Low Power Variable Optics are the best bet for shooters wanting a single scope to do it all. LPVOs function like an all-purpose scope as they work well for engaging both short- and long-range targets. On a low power setting, they work much like an illuminated red dot. While on high, sometimes cranked up to as much as 10x, they assist shooters to engage targets up to a few hundred yards away.
Like many others, I personally prefer an LPVO on my AR rifles and carbines. Yet, knowing what to look for and why gets trickier with more and more options available. Without having to spend hundreds to thousands of dollars, I want to walk you through the process of finding the right LPVO for you.
How much magnification do you need?
Range is at the heart of the matter.

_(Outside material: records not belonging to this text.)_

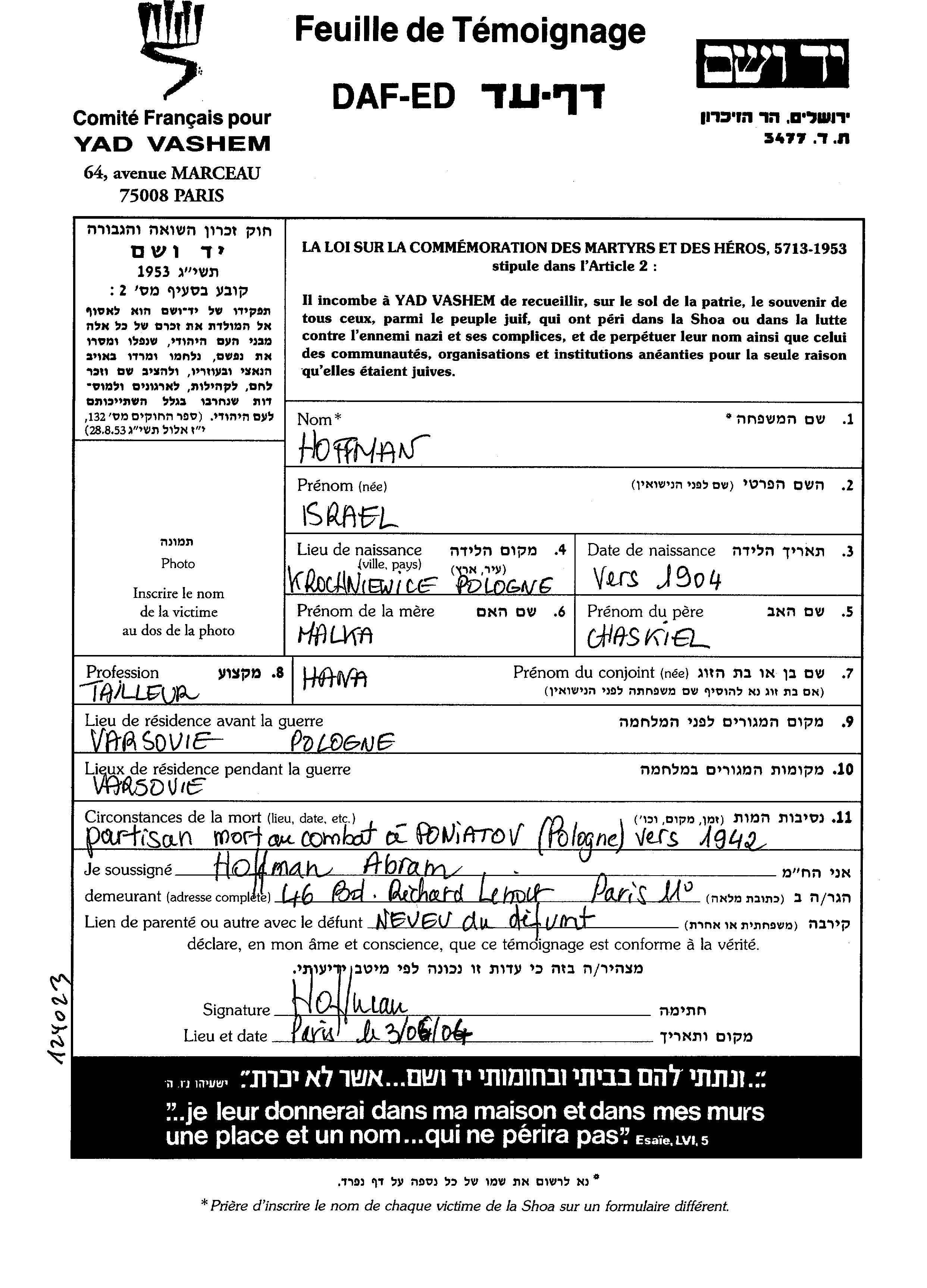 Исраэль Хоффман, место рождения: Кросневице, Польша. Отец: Хаскель, mать:Малка. Место жительства до войны: Варшава, Польша. Место во время войны: Варшава, Польша.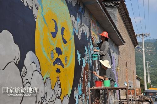 8月10日,兩名藝術家在山西省和順縣許村的墻壁上繪畫創(chuàng)作。近年來,許村發(fā)展旅游業(yè),三次舉辦鄉(xiāng)村藝術節(jié)并邀請國內(nèi)外藝術家參加創(chuàng)作,讓現(xiàn)代藝術和鄉(xiāng)村文明相互融合。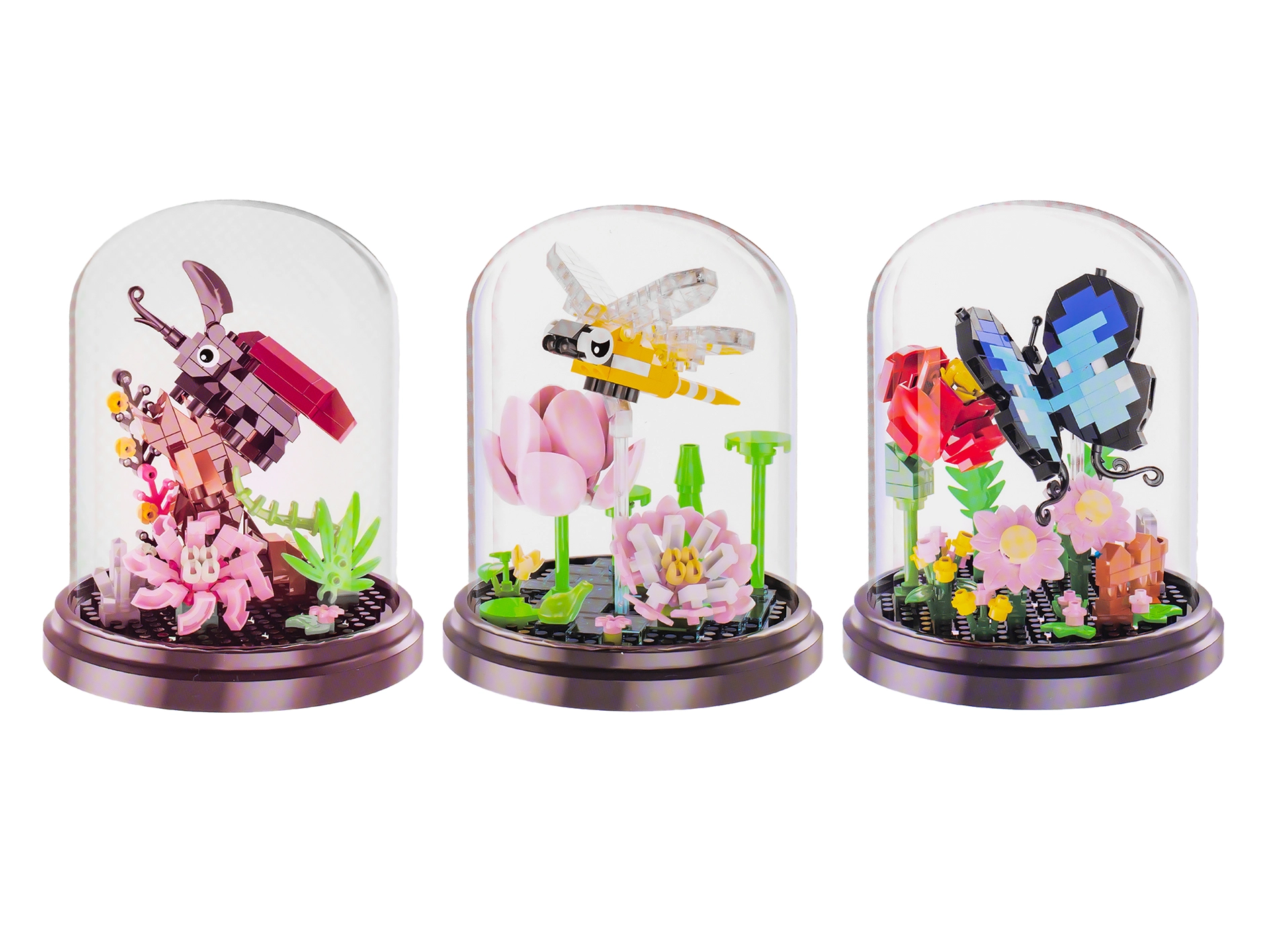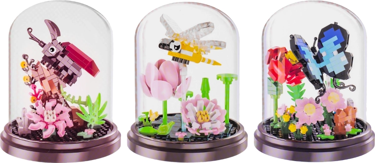 Kreatywne klocki konstrukcyjne dla dzieci od 6 lat umożliwiają złożenie czterech rodzajów owadów z kwiatem – motyla, pszczoły, chrząszcza i ważki. Zestaw o 253–281 elementach rozwija małą motorykę, logiczne myślenie i cierpliwość. W komplecie przezroczysta osłona przeciwkurzowa do łatwej ekspozycji gotowego modelu o wymiarach ok. 11 × 8,6 cm.

It’s easy enough to say get the most that you can, but you should first consider the tradeoffs. Optics capable of higher magnification generally weigh more than ones with less. Increased magnification may come in handy, but not if the weight is burdensome.
The discussion about the ratio of range and weight spills into purpose: hunting, personal protection, competition, or recreation. The question about finding the right LPVO for that purpose, though, will always come down to personal preference. Whatever you find most comfortable for the period of time in which you need to carry and use it is best.

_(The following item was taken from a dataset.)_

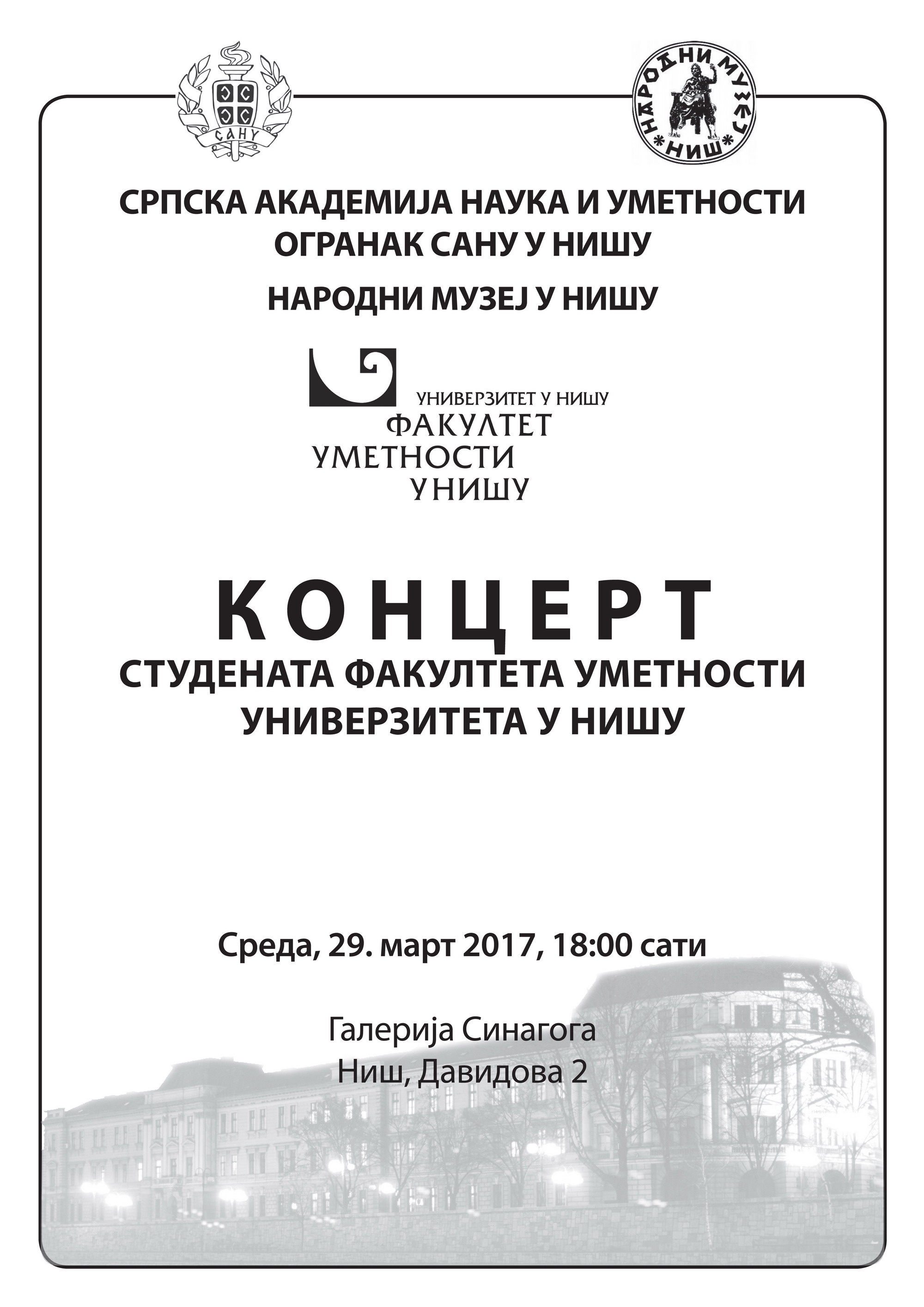 Кoнцeрт студeнaтa Фaкултeтa умeтнoсти Унивeрзитeтa у Нишу, у oргaнизaциjи Српскe aкaдeмиje нaукa и умeтнoсти, Oгрaнaк СAНУ у Нишу у сaрaдњи сa Фaкултeтoм умeтнoсти и Нaрoдним музejoм у Нишу oдржaћe сe у срeду, 29. мaртa 2017. гoдинe у 18 сaти у Гaлeриjи Синaгoгa у Нишу, Дaвидoвa 2. Улaз нa кoнцeрт je бeсплaтaн.

Next, consider the capabilities of your weapon system. This subject is less flexible than the former. If you’re like me shooting mostly modern sporting rifles chambered in .223 Remington, the platform is effective up to about 650 yards. Yet, I primarily engage targets at much shorter distances. Therefore, the ideal LPVO would be capable of, at the very least, effectively reaching those shorter ranges.
Lastly, consider the limitations of the shooter as well. If you have poor or diminishing eye sight, higher magnification will make target acquisition easier. So, then, the question becomes about realworld use. If I can comfortable reach targets near and far with a 4x than 4x is the one for me.
The more accustomed you get with LVPOs, the more comfortable you will likely get with advanced features. Still, when looking through the scope, the reticle should appear clean and clear. If it’s extremely busy than it can be cumbersome to use.
New users may prefer something as simple as old fashioned crosshairs while experienced competitive shooters may want a more complex reticle capable of longer shots and range estimation. The point is start simple and work your way up, if necessary.
Illumination comes standard with most LPVOs. If you’re like me, I prefer the reticle to illuminate only at the zeroing point instead of lighting it up as a whole.
LVPO to Fit Everyone
Selections for LPVOs were not always so plentiful. Now you can choose from a wide variety and find a price point that does not break the bank. Getting into specifics, casual shooters may want to consider LPVOs by Primary Arms or the Vortex Diamondback line. More experienced shooters without LPVO experience may want something a little more feature-rich. They should consider brands like US Optics, Nightforce, and Leupold. Brand aside, understand that, like with most things, you get what you pay for. When the price goes up, so does the glass quality and capability.